**DATA**.
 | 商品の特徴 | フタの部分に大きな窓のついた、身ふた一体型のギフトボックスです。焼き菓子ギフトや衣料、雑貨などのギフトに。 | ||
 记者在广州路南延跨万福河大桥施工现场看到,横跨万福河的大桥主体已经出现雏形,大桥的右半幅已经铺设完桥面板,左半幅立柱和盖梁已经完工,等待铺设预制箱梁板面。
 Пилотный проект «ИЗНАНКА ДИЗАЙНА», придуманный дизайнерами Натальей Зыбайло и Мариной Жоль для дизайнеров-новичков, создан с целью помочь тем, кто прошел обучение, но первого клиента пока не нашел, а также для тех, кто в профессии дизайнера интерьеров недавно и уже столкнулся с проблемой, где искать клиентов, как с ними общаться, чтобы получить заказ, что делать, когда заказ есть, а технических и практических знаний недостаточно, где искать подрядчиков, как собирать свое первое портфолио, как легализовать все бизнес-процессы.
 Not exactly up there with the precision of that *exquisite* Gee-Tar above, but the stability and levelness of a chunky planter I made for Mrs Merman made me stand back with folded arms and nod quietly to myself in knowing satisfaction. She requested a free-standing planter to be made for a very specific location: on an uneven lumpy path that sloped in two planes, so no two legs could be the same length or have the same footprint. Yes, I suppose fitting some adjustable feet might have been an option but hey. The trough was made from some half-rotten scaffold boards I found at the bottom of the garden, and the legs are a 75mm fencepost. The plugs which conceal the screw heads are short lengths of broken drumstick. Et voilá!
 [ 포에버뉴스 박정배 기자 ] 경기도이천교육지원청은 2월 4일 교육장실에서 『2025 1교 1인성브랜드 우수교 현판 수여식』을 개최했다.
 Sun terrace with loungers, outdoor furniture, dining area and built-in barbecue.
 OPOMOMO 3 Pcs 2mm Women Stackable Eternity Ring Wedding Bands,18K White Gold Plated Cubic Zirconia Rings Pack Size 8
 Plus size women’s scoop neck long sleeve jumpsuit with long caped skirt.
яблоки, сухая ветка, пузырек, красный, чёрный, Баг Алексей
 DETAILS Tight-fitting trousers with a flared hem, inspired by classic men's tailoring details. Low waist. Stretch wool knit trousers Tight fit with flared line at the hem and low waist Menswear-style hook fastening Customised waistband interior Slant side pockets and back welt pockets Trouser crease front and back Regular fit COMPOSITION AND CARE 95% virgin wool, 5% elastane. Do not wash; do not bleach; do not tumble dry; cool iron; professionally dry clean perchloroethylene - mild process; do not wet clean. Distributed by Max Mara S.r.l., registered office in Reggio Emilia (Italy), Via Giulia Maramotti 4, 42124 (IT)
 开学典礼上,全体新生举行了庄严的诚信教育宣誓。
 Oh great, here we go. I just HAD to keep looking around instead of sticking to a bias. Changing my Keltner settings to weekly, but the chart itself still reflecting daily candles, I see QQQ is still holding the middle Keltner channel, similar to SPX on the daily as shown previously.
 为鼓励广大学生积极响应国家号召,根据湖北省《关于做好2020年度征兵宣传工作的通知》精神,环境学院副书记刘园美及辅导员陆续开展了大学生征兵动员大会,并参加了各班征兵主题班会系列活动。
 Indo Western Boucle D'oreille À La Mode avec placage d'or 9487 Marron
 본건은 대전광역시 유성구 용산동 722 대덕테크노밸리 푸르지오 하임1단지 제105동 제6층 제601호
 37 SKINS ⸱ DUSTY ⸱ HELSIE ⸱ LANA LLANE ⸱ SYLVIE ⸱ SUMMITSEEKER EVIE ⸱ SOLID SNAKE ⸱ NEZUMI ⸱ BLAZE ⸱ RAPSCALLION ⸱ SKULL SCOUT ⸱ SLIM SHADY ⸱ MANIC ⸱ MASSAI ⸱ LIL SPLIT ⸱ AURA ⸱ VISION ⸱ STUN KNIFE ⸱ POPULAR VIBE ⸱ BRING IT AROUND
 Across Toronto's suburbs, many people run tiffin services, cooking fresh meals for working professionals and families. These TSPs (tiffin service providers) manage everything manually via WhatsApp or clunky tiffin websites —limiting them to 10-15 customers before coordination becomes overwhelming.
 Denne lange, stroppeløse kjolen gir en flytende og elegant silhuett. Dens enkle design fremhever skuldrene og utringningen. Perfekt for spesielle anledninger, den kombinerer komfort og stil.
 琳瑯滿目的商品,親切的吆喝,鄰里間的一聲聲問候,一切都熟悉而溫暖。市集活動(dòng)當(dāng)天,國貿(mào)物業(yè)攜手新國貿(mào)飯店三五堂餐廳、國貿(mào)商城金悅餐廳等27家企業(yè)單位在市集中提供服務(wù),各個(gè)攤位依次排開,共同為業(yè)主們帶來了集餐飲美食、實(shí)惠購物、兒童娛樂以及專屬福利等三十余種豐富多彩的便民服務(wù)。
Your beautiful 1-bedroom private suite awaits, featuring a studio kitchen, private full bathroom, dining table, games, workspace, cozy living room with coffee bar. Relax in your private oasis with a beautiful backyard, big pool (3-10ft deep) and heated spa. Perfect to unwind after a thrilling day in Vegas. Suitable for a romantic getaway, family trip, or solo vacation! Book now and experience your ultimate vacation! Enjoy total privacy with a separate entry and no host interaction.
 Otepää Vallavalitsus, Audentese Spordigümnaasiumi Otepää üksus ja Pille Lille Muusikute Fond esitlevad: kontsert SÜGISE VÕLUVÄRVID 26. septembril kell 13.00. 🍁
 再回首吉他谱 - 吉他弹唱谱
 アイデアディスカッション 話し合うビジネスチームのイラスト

**WHAT THE EXERCISE ASKS**. If a line in the entries above has the word "dining", copy it.

**RESULT OF THE TASK**.
 Sun terrace with loungers, outdoor furniture, dining area and built-in barbecue.
Your beautiful 1-bedroom private suite awaits, featuring a studio kitchen, private full bathroom, dining table, games, workspace, cozy living room with coffee bar. Relax in your private oasis with a beautiful backyard, big pool (3-10ft deep) and heated spa. Perfect to unwind after a thrilling day in Vegas. Suitable for a romantic getaway, family trip, or solo vacation! Book now and experience your ultimate vacation! Enjoy total privacy with a separate entry and no host interaction.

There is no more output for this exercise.